Python API reference#

Python bindings to the nanoarrow C library

EXPERIMNETAL

The nanoarrow Python package provides bindings to the nanoarrow C library. Like the nanoarrow C library, it provides tools to facilitate the use of the Arrow C Data and Arrow C Stream interfaces.

class Schema(obj, *, name=None, nullable=None, **params)#

The Schema is nanoarrow’s high-level data type representation whose scope maps to that of the ArrowSchema in the Arrow C Data interface. See schema() for class details.

property byte_width: int | None#

Element byte width for fixed-size binary type

Returns None for types for which this property is not relevant.

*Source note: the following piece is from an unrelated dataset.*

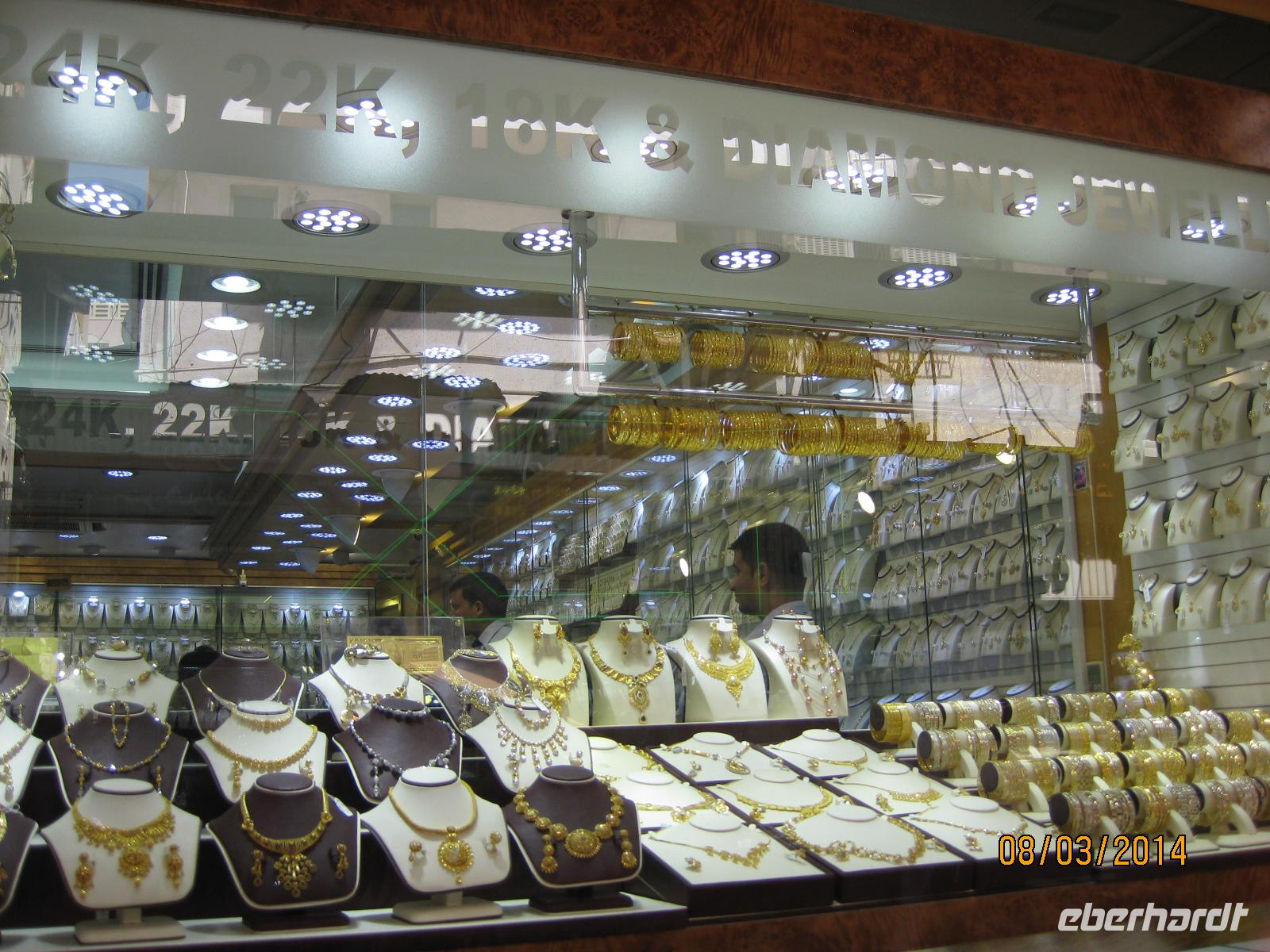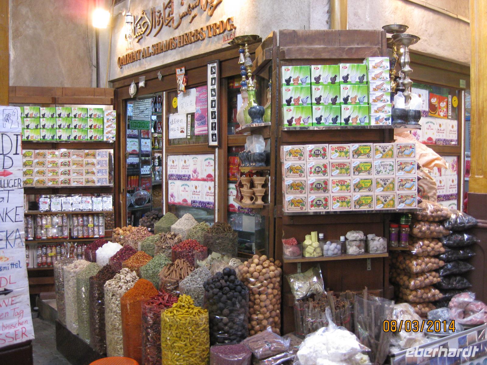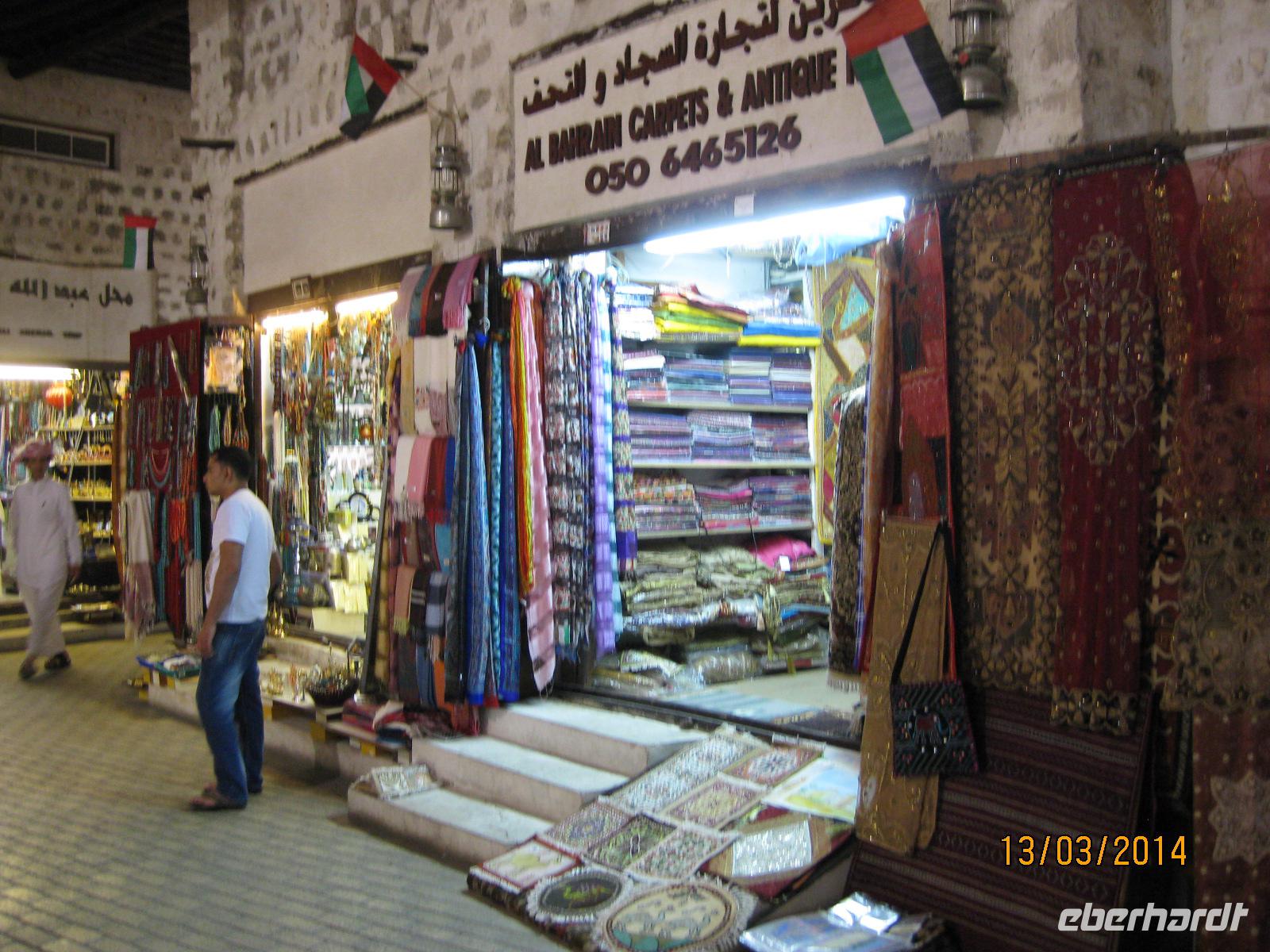 Unser letzter Stopp in Sharjah erfolgt am Blauen Souk. Von hier hat man einen sehr guten Blick auf die King Faisal Moschee. Danach schlendern wir noch ein wenig durch die kleinen Geschäfte des Souks, wo man Gold und Textilien erwerben kann.

>>> import nanoarrow as na
>>> na.fixed_size_binary(123).byte_width
123
field(i)#

Extract a child Schema

>>> import nanoarrow as na
>>> schema = na.struct({"col1": na.int32()})
>>> schema.field(0)
Schema(INT32, name='col1')
property fields#

Iterate over child Schemas

>>> import nanoarrow as na
>>> schema = na.struct({"col1": na.int32()})
>>> for field in schema.fields:
...     print(field.name)
...
col1
property n_fields: int#

Number of child Schemas

>>> import nanoarrow as na
>>> schema = na.struct({"col1": na.int32()})
>>> schema.n_fields
1
property name: str | None#

Field name of this Schema

>>> import nanoarrow as na
>>> schema = na.struct({"col1": na.int32()})
>>> schema.field(0).name
'col1'
property nullable: bool#

Nullability of this field

>>> import nanoarrow as na
>>> na.int32().nullable
True
>>> na.int32(nullable=False).nullable
False
property precision: int#

Decimal precision

>>> import nanoarrow as na
>>> na.decimal128(10, 3).precision
10
property scale: int#

Decimal scale

>>> import nanoarrow as na
>>> na.decimal128(10, 3).scale
3
property timezone: str | None#

Timezone for timestamp types

Returns None for types for which this property is not relevant or for timezone types for which the timezone is not set.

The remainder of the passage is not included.